The coronavirus disease 2019 (COVID-19) pandemic continues to rapidly increase worldwide, threatening public health and causing dramatic decreases in global economics and social life. According to the data derived from the World Health Organization (WHO) database, over 50 million confirmed COVID-19 cases and over 1.24 million deaths have occurred to date (reported on 08 November 2020), and new records for the daily numbers of new infection and death cases are steadily reported. This pandemic outbreak is difficult to control because factors affecting the COVID-19 epidemic are not thoroughly understood, and specific vaccines and treatments are still unavailable.
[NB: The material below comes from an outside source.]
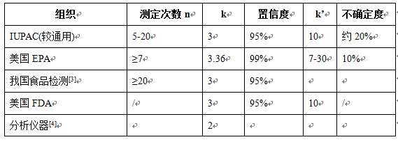 LOD=ks,LOQ=k’s通过空白或低浓度样品n次测量的标准偏差的倍数来表征检出限和定量限,从统计学的角度不同的k值来保证不同的置信度。这个取值及不同空白或低浓度样品的测定次数就是不同组织和机构的主要差别,但本质上来说是相通的,结果也是可比的,见表。

If one looks at the COVID-19 epidemic map provided by Johns Hopkins University (JHU) (e.g. the map picture on 15 May 2020), one would immediately recognise that quite a difference exists among the geographic districts with infections in the early phase of the pandemic. In fact, after the initial outbreak in China, the COVID-19 pandemic rapidly advanced to Europe and simultaneously to New York City, and afterwards, this pandemic spread to South America and East Mediterranean zones. An understanding of the factors with profound impacts on the pandemic is crucial for controlling the pandemic, and factors associated with the pandemic must be considered when making public policy and medical decisions. ABO blood types are associated with diverse infectious diseases, such as malaria, HIV and influenza [Reference Damena1–Reference Horby4]. Among the patients with confirmed COVID-19 cases who were treated in hospitals, the proportion of patients with blood type A was significantly higher than patients with blood type B [Reference Wu5], and furthermore, the severity and clinical outcomes of patients with COVID-19 patients were reported to be associated with blood types [Reference Ellinghaus6].
However, in these previous studies, a relatively small number of study subjects and/or subjects in a limited locality were investigated, and thus the data cover only a limited regional geographic zone and do not reveal the globally geographically uneven distribution of COVID-19 cases. Furthermore, the global dynamics of the COVID-19 epidemic were not investigated. We therefore conducted this big-data analysis of the association between the dynamics of the COVID-19 pandemic and ABO blood type distribution. The big data are derived from the official database provided by the WHO. The ABO blood type distribution serves as a typical genetic marker for the global geographic distribution of diverse diseases and public health issues. The determination of any factors that are associated with the COVID-19 epidemic might thus be important in fighting the COVID-19 pandemic.
For an epidemic of an infectious disease, the dynamic development of the infection is a determinant, which can be assessed by measuring several classic parameters, including the infection case growth factor (ICGF), infection case doubling time (IC-dt), reproductive number (RN), death case growth factor (DCGF) and death case doubling time (DC-dt). The difficulty in determining these parameters is the current high dynamics in infection development worldwide; thus, the endpoint of the total infection number remains unreached. Instead, we tried to assess these epidemic dynamics in the early exponential phase of the infection by assessing the infection cases and death cases according to the epidemical curves of the involved countries provided by JHU.
This study sought to investigate the relationship between the distribution of ABO blood types and the dynamics of the COVID-19 epidemic based on analyses of big data that cover the majority of the global population.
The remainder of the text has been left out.